I am working with a large SQL table, 186 columns, 257899 rows, and counting. It gets added to every time something is changed in the main data. This is part of the shadow
tables that allow us to see an audit history of what has happened to different fields.
What I need to do is look at Who updated, When they updated and a particular order of updates. I need to find anytime a certain 3 users updated the main table to go from
- Bill => Active
- Bill => No Bill
- Active => In Progress
What I need to collect is the
- Status the is being switched and what it is switched to (from list above)
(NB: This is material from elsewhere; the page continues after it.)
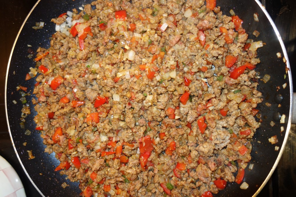 Next, prepare the taco meat. In a large skillet over medium-high heat, cook the ground beef until it begins to brown. Add in the onion, garlic, jalapeños, and bell pepper, and sauté until the vegetables are softened. Stir in the cherry tomatoes and taco seasoning to taste, adding a splash of water or broth if needed to help everything come together. Let the mixture simmer for a few minutes until it’s rich and flavorful.

- Name of User making the update from the list of 3 users below
- Datetime of the update
- ClaimNumber
Users that I'm looking for I can't give their names so we'll go with:
- User1
- User2
- User3
I have recently learned about doing things in a set based manner in SQL, but I'm not quite up to the take of figuring this out. I know that I could loop through the table and find any updates by the individual users and then loop through those updates to find if there are any that meet the above criteria, but I know that would be slow compared to a set based approved.
I've only just started working on this so I don't have any code yet, but I'll update this question as I attempt different things.
I just don't know how to go about figuring out how to make it a set based problem?
UPDATE
Here is what some sample data looks like:
Creating #TestingData
as the data table and #TestingTable
as the shadow table and then filling with sample data.
create table #TestingTable(Id int,SMState varchar(50),UpdatedBy varchar(50),UpdatedOn datetime,cd_ClaimNumber varchar(50))
create table #TestingData(Id int,SMState varchar(50),UpdatedBy varchar(50),UpdatedOn datetime,cd_ClaimNumber varchar(50))
insert into #TestingData([Id],[UpdatedBy],[UpdatedOn],[cd_ClaimNumber],SMState)
Values (1,'John Doe','2015-10-25 12:00:00',208692,'Bill'),
(2,'John Doe','2015-10-25 12:00:00',297983,'Bill'),
(3,'John Doe','2015-10-25 13:00:00',697920,'Bill'),
(4,'John Doe','2015-10-25 12:00:00',992196,'Bill')
INSERT INTO #TestingTable([Id],[UpdatedBy],[UpdatedOn],[cd_ClaimNumber],SMState)
VALUES
(1,'John Jones','2015-10-24 13:00:00',208692,'No Bill'),
(2,'John Jones','2015-10-24 12:00:00',208692,'Bill'),
(3,'John Jones','2015-10-23 12:00:00',208692,'In Progress'),
(4,'John Jones','2015-10-22 16:00:00',208692,'Active'),
(5,'John Jones','2015-10-22 14:00:00',208692,'No Bill'),
(6,'John Jones','2015-10-22 12:00:00',208692,'Bill'),
(7,'John Jones','2015-10-24 12:00:00',297983,'Bill'),
(8,'John Jones','2015-10-23 14:00:00',297983,'Active'),
(9,'John Jones','2015-10-23 13:00:00',297983,'In Progress'),
(10,'John Jones','2015-10-23 12:00:00',297983,'Active'),
(11,'John Jones','2015-10-22 12:00:00',297983,'Bill'),
(12,'Jeffery Sampson','2015-10-24 13:00:00',697920,'No Bill'),
(13,'Jeffery Sampson','2015-10-24 12:00:00',697920,'Bill'),
(14,'Jeffery Sampson','2015-10-23 12:00:00',697920,'In Progress'),
(15,'Jeffery Sampson','2015-10-22 16:00:00',697920,'Active'),
(16,'Jeffery Sampson','2015-10-22 14:00:00',697920,'No Bill'),
(17,'Jeffery Sampson','2015-10-22 12:00:00',697920,'Bill'),
(18,'Jeffery Sampson','2015-10-24 12:00:00',992196,'Bill'),
(19,'Jeffery Sampson','2015-10-23 14:00:00',992196,'Active'),
(20,'Jeffery Sampson','2015-10-23 13:00:00',992196,'In Progress'),
(21,'Jeffery Sampson','2015-10-23 12:00:00',992196,'Active'),
(22,'Jeffery Sampson','2015-10-22 12:00:00',992196,'Bill')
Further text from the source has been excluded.